CLINICAL TRIAL REGISTRATION
DRKS00032518I.
中文翻译:
手动和注射泵诱导全静脉麻醉对异丙酚废物的影响:单中心回顾性分析。
背景 异丙酚占药物浪费的很大一部分。基于证据的减少废物的方法很少。方法 在对 331 例手术的回顾性分析中,比较了全静脉麻醉 (TIVA) 期间手动和注射泵诱导麻醉与诱导后用于维持 TIVA 的注射泵之间每次手术的总异丙酚废物。次要终点是异丙酚的给药量。亚组分析检查了生理性别、年龄、体重或 BMI、美国麻醉医师协会 (ASA) 身体状况、物质使用和麻醉持续时间对异丙酚废物的影响。结果 注射泵诱导与异丙酚浪费减少 32.8% 相关 (P<0.001);这种影响在持续 20-60 min 的手术中最为明显 (在持续 20-40 min 的手术中减少高达 46.9%,P<0.001) 和 80-120 分钟 (在持续 100-120 min 的手术中减少高达 48.8%,P = 0.003)。废物量不受生理性别、年龄、体重、BMI 或 ASA 身体状况的影响。注射泵诱导始终与较少的废物相关,肥胖患者除外。使用活性物质的患者在手动诱导组 (P=0.031) 的废物增加 27.6%,但使用注射泵组则没有。在有和没有使用活性物质的患者中,注射泵诱导导致更少的废物 (物质使用:减少 48.7%,P=0.0015;没有物质使用:减少 22.7%,P=0.0045)。
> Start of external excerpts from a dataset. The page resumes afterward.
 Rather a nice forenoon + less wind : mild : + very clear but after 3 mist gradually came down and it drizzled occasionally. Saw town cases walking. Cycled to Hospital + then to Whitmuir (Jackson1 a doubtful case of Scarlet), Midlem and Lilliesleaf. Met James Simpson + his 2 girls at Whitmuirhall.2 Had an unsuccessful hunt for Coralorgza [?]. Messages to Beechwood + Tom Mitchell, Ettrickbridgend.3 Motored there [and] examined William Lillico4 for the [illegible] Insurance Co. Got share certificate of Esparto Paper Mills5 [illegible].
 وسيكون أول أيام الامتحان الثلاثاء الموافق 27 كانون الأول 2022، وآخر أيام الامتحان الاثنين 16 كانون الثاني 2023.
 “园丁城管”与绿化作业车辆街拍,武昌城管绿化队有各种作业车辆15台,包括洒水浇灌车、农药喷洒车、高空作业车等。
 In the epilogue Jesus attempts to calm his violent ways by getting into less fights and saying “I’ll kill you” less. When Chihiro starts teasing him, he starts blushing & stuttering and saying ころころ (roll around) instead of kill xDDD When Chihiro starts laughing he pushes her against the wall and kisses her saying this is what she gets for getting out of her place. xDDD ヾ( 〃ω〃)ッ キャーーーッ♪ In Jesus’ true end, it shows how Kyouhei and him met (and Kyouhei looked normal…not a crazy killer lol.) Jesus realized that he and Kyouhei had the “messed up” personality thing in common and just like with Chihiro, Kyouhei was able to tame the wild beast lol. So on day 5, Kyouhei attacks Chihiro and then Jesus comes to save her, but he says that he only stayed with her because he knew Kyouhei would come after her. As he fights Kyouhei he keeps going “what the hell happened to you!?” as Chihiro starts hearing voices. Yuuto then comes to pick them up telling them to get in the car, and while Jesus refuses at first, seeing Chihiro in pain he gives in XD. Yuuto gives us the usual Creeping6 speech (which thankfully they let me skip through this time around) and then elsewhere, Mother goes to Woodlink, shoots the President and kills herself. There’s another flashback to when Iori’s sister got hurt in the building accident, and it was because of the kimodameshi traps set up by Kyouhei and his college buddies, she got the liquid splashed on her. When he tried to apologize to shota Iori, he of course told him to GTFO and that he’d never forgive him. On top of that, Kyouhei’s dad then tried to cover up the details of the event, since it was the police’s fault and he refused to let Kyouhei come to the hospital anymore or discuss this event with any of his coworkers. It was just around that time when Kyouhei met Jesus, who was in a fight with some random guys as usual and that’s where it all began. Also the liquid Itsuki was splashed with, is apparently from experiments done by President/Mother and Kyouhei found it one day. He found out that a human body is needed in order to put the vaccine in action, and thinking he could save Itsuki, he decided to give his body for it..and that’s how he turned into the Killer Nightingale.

结论 注射泵诱导减少了 TIVA 期间异丙酚的浪费,无论患者特征如何。应从环境和经济角度重新考虑使用单独注射器进行手动诱导。临床试验注册 DRKS00032518I。
更新日期:2024-10-28
中文翻译:
手动和注射泵诱导全静脉麻醉对异丙酚废物的影响:单中心回顾性分析。
背景 异丙酚占药物浪费的很大一部分。基于证据的减少废物的方法很少。方法 在对 331 例手术的回顾性分析中,比较了全静脉麻醉 (TIVA) 期间手动和注射泵诱导麻醉与诱导后用于维持 TIVA 的注射泵之间每次手术的总异丙酚废物。次要终点是异丙酚的给药量。亚组分析检查了生理性别、年龄、体重或 BMI、美国麻醉医师协会 (ASA) 身体状况、物质使用和麻醉持续时间对异丙酚废物的影响。结果 注射泵诱导与异丙酚浪费减少 32.8% 相关 (P<0.001);这种影响在持续 20-60 min 的手术中最为明显 (在持续 20-40 min 的手术中减少高达 46.9%,P<0.001) 和 80-120 分钟 (在持续 100-120 min 的手术中减少高达 48.8%,P = 0.003)。废物量不受生理性别、年龄、体重、BMI 或 ASA 身体状况的影响。注射泵诱导始终与较少的废物相关,肥胖患者除外。使用活性物质的患者在手动诱导组 (P=0.031) 的废物增加 27.6%,但使用注射泵组则没有。在有和没有使用活性物质的患者中,注射泵诱导导致更少的废物 (物质使用:减少 48.7%,P=0.0015;没有物质使用:减少 22.7%,P=0.0045)。结论 注射泵诱导减少了 TIVA 期间异丙酚的浪费,无论患者特征如何。应从环境和经济角度重新考虑使用单独注射器进行手动诱导。临床试验注册 DRKS00032518I。